| Data listing |
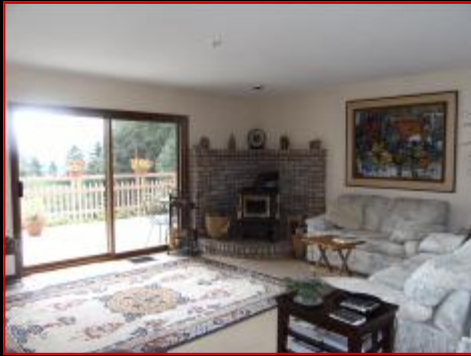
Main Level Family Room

---

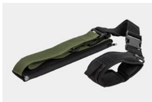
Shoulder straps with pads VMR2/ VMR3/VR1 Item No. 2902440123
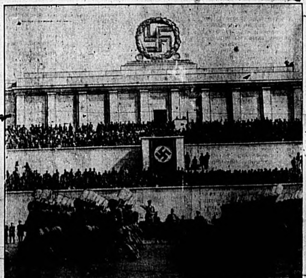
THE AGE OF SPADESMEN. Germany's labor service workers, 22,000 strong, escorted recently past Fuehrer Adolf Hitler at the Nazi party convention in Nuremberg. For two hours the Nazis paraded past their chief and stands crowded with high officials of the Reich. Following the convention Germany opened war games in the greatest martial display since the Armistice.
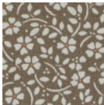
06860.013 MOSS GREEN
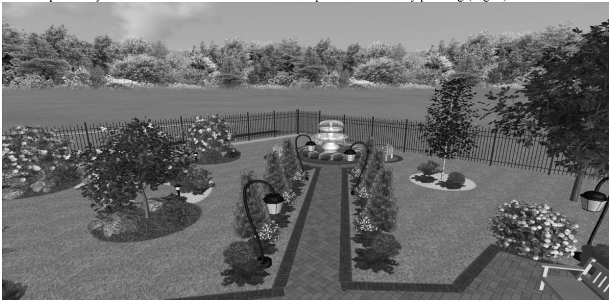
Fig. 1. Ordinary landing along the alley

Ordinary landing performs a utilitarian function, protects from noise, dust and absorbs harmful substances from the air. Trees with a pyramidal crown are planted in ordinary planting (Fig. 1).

| Activity |
The lines above from the line with "06860.013 MOSS GREEN" through the line with "Ordinary landing performs" are to be given again word for word, with no pictures among them.

| Result of this task |
06860.013 MOSS GREEN
Fig. 1. Ordinary landing along the alley

Ordinary landing performs a utilitarian function, protects from noise, dust and absorbs harmful substances from the air. Trees with a pyramidal crown are planted in ordinary planting (Fig. 1).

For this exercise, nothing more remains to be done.